● WHAT THE TASK REQUIRES
For the entries below, copy exactly the line that contains "对于偏好远程作战的玩家来说,夏侯渊是一个" through the line that contains "BRACCIALE AD AMPIA", both ends included, and exclude all pictures.

● SUPPLIED MATERIAL
********************

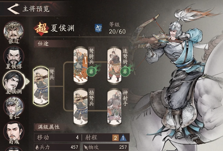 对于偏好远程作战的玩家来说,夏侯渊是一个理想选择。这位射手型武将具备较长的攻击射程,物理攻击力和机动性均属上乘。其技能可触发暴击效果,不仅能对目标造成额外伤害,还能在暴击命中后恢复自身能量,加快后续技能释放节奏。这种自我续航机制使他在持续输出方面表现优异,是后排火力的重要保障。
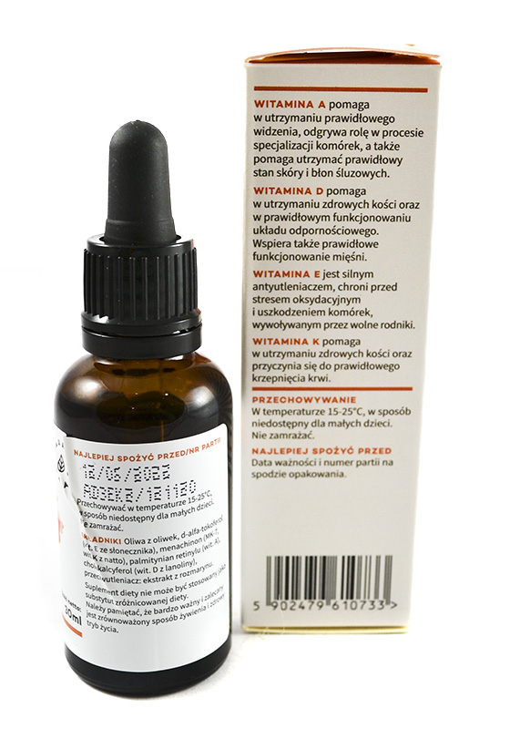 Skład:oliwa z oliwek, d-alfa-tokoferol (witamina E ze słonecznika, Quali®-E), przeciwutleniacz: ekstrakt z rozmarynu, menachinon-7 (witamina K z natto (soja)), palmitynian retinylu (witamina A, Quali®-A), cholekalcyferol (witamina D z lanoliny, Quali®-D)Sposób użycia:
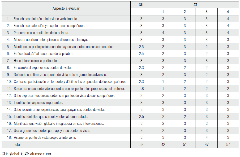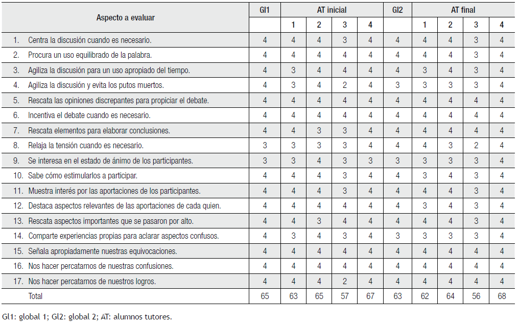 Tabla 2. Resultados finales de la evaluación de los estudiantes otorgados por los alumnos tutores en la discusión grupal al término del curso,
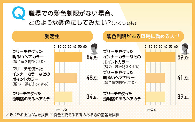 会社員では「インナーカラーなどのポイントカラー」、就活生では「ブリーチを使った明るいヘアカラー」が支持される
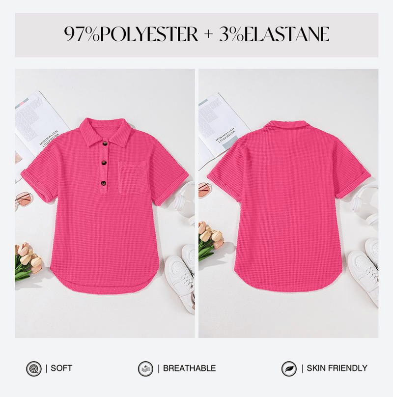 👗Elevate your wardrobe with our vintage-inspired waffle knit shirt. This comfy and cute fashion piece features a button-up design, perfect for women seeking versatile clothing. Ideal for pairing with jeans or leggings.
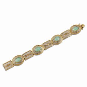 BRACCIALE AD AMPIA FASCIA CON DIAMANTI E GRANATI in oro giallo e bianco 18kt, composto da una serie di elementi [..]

********************

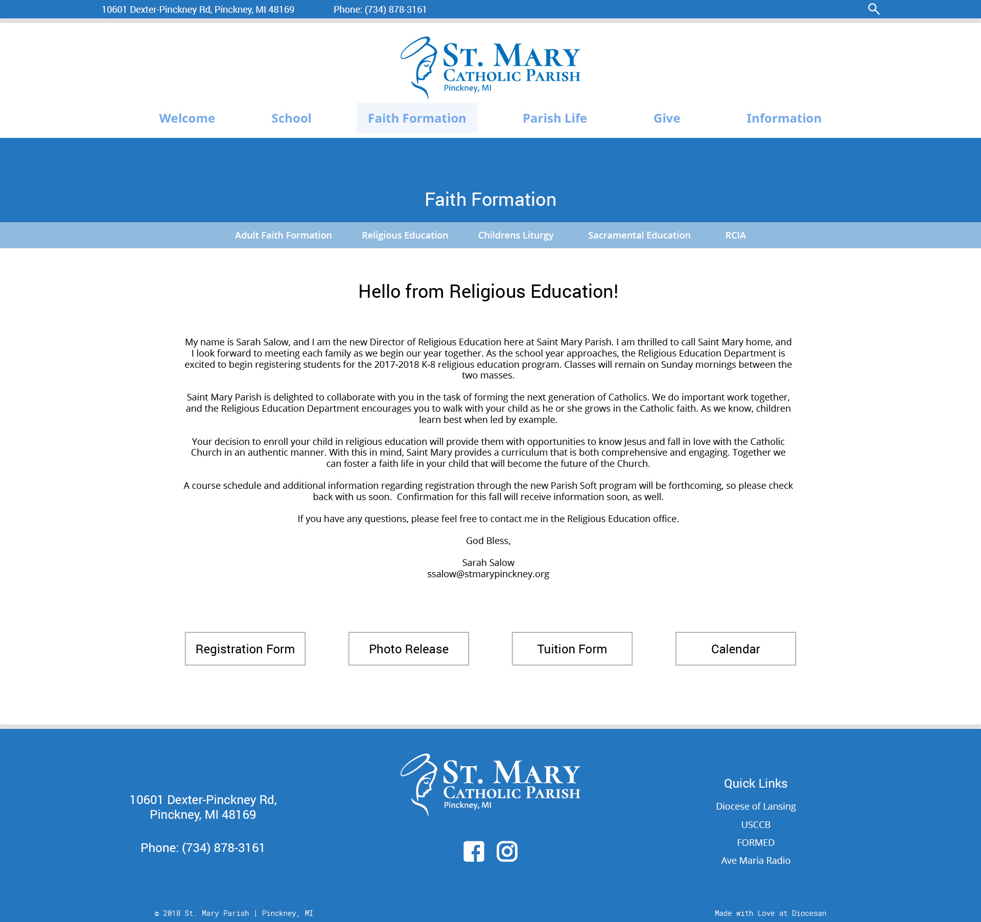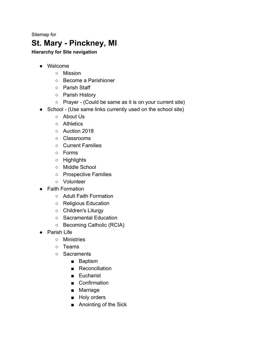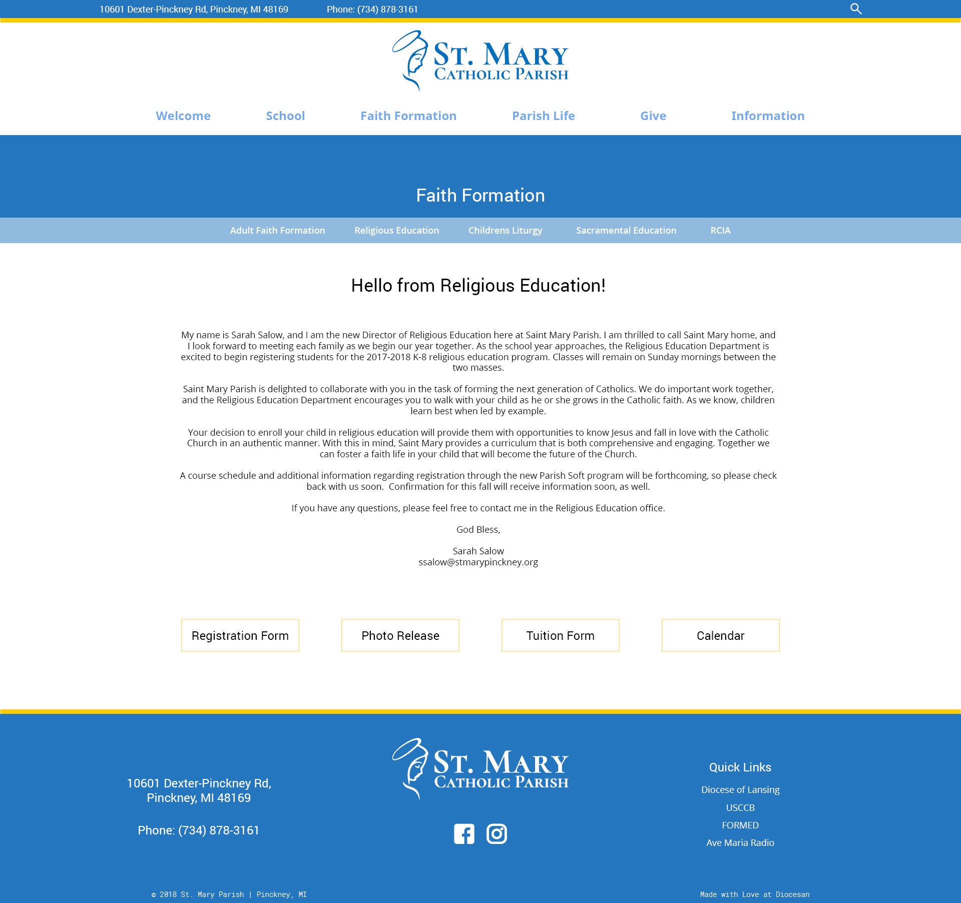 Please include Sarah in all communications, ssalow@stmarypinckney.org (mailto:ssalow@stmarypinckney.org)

********************

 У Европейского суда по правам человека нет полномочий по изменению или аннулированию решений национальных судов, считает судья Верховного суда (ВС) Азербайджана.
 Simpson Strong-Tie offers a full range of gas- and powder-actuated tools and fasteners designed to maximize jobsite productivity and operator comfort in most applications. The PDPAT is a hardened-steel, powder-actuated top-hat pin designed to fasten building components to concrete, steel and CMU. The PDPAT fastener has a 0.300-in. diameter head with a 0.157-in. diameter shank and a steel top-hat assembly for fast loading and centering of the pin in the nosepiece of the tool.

********************

● RESULT OF THIS TASK
 对于偏好远程作战的玩家来说,夏侯渊是一个理想选择。这位射手型武将具备较长的攻击射程,物理攻击力和机动性均属上乘。其技能可触发暴击效果,不仅能对目标造成额外伤害,还能在暴击命中后恢复自身能量,加快后续技能释放节奏。这种自我续航机制使他在持续输出方面表现优异,是后排火力的重要保障。
 Skład:oliwa z oliwek, d-alfa-tokoferol (witamina E ze słonecznika, Quali®-E), przeciwutleniacz: ekstrakt z rozmarynu, menachinon-7 (witamina K z natto (soja)), palmitynian retinylu (witamina A, Quali®-A), cholekalcyferol (witamina D z lanoliny, Quali®-D)Sposób użycia:
 Tabla 2. Resultados finales de la evaluación de los estudiantes otorgados por los alumnos tutores en la discusión grupal al término del curso,
 会社員では「インナーカラーなどのポイントカラー」、就活生では「ブリーチを使った明るいヘアカラー」が支持される
 👗Elevate your wardrobe with our vintage-inspired waffle knit shirt. This comfy and cute fashion piece features a button-up design, perfect for women seeking versatile clothing. Ideal for pairing with jeans or leggings.
 BRACCIALE AD AMPIA FASCIA CON DIAMANTI E GRANATI in oro giallo e bianco 18kt, composto da una serie di elementi [..]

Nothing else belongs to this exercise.